Exercise instructions: Copy, please, the line with "- Three Working" and each line that follows it through the end of the data below, exactly as given and without pictures.

>>>>>

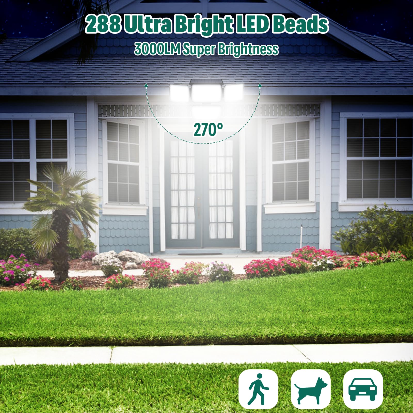 - 【3000LM 288 LED Super Bright】: The solar outdoor lights equipped with 3000LM 288 super bright LED beads which can provide the brightest and most stable light for your patio, garden, garage, yard, fence.
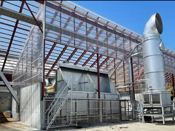 現状、約6割の農家が堆積発酵の管理を行っており、約半年間かけて発酵させるため労力がかかります。そこで、強制発酵設備を導入する事で酪農農家の工数を半減させることができます。 |
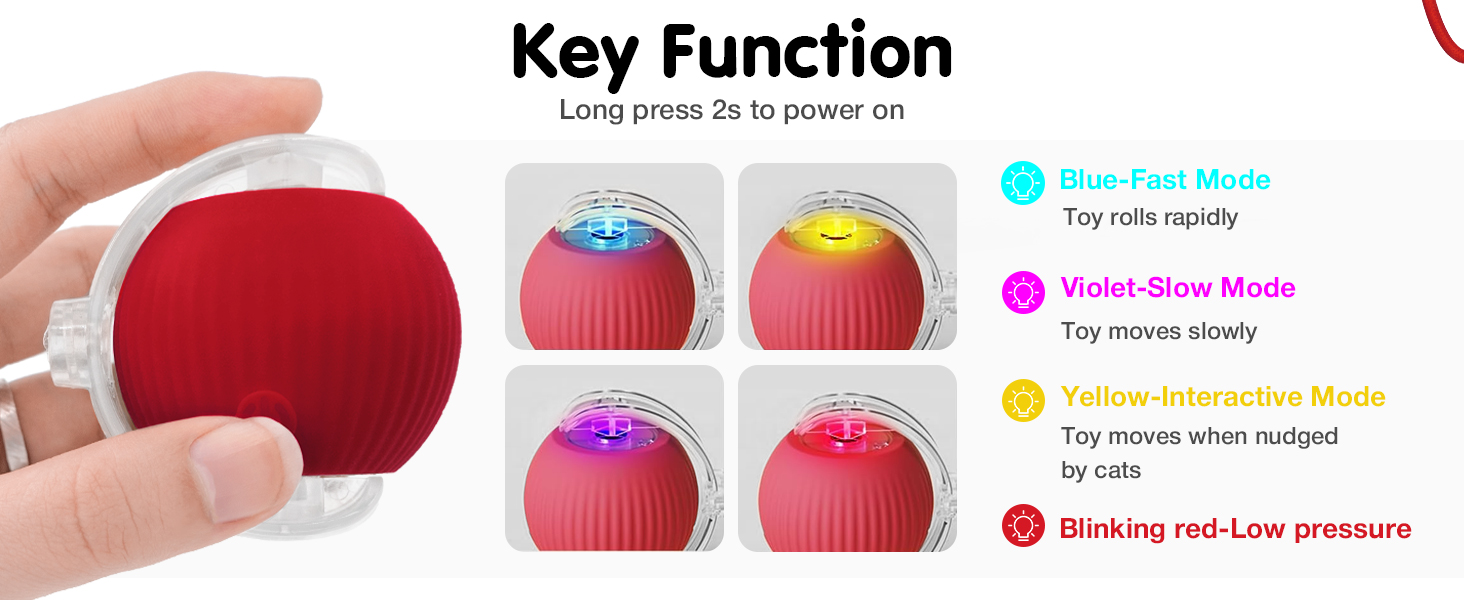 - Three Working Mode:The Interactive Ball Toy built-in fast mode(Blue lights), slow mode (Purple lights) , interactive mode (Yellow lights).Three modes short press to switching working mode, and distinguish via the color of the light.
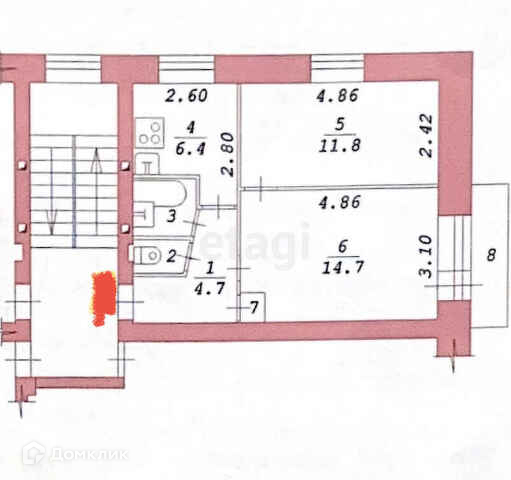 Общая площадь 40.8 м2
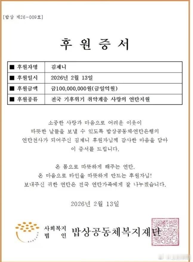 JENNIE捐赠了1亿韩元JENNIE捐赠1亿韩元给需要煤球的老年人JENNIE真好

<<<<<

Exercise output:
 - Three Working Mode:The Interactive Ball Toy built-in fast mode(Blue lights), slow mode (Purple lights) , interactive mode (Yellow lights).Three modes short press to switching working mode, and distinguish via the color of the light.
 Общая площадь 40.8 м2
 JENNIE捐赠了1亿韩元JENNIE捐赠1亿韩元给需要煤球的老年人JENNIE真好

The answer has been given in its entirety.